18.   Management of Continental vs Workmen Of Continental [ILR 2004 KAR 54, (2003) IIILLJ 612 Kant] – “A VERY IMPORTANT CASE LAW”

A contract of employment can be determined under a number of circumstances such as death, impossibility, frustration, abandonment, voluntary retirement, superannuation, retrenchment, discharge under the contract, discharge on transfer or closure of the establishment, and dismissal or removal by way of punishment. Therefore if it is proved that an employee voluntarily abandoned the job, then, the contract of employment between such employee and the management comes to an end. The contract of service comes to an end where the employee abandons his job.

The term "abandonment of service" has not been defined in the Rules. In RANDOM HOUSE DICTIONARY, the word "abandonment" has been explained to mean "to leave completely and finally, forsake utterly, to relinquish, to renounce, to give up all concern in something".

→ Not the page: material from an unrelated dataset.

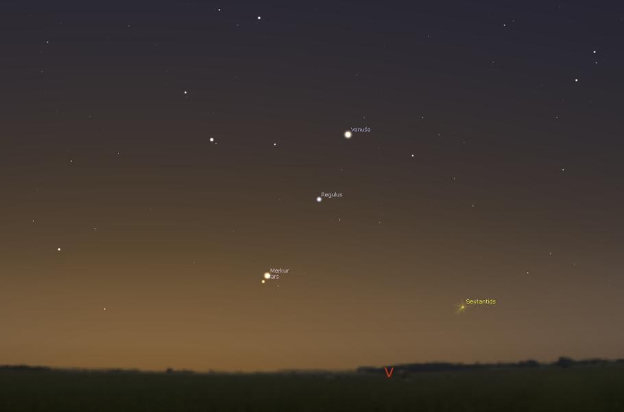 Od 16. do 20. září se přitom právě v této části ranní oblohy odehraje několik zajímavých setkání: 16. a 17. září dojde k poměrně těsnému přiblížení Merkuru a Marsu – bude je dělit úhlová vzdálenost cca 0,3°. V následujících dnech se v jejich blízkosti objeví i úzký srpek ubývajícího Měsíce a kompozici pak doplní zářivá Venuše a jasná hvězda Regulus ze souhvězdí Lva.

According to ENGLISH LAW DICTIONARY by EARL LOVITT (1959) Edition, abandonment when used in relation to an office, according to BLACK'S LAW DICTIONARY means "Voluntary relinquishment". In order to constitute abandonment, therefore, there must be total or complete giving up of duties so as to indicate an intention not to resume the same. Abandonment must be total and under the circumstances, it should clearly indicate an absolute relinquishment.

Abandonment may be actual or can be imputed. Abandonment or relinquishment of service is a question of intention, and normally such intention is not attributed to an employee in the absence of adequate and substantial evidence in that behalf. However, the intention may be inferred from the acts and conduct of the employee.

The question whether an employee has abandoned the employment or not is a question of fact which is required to be resolved in the light of facts and circumstances of each case. There cannot be any strait-jacket formula in that regard. Temporary or short absence, perhaps, may not constitute an abandonment of an office. The length of absence and other attending facts and circumstances of the case may lead to an inference that an employee has voluntarily abandoned the employment.

Under Common Law, an inference that an employee has abandoned or relinquished his service is not easily drawn unless from the length of absence and from the surrounding circumstances an inference to that effect can be legitimately drawn. But, in those cases, where parties agree upon the terms and conditions of service and they are included in Certified Standing Orders or in Service Rules, the doctrine of Common Law would not be relevant.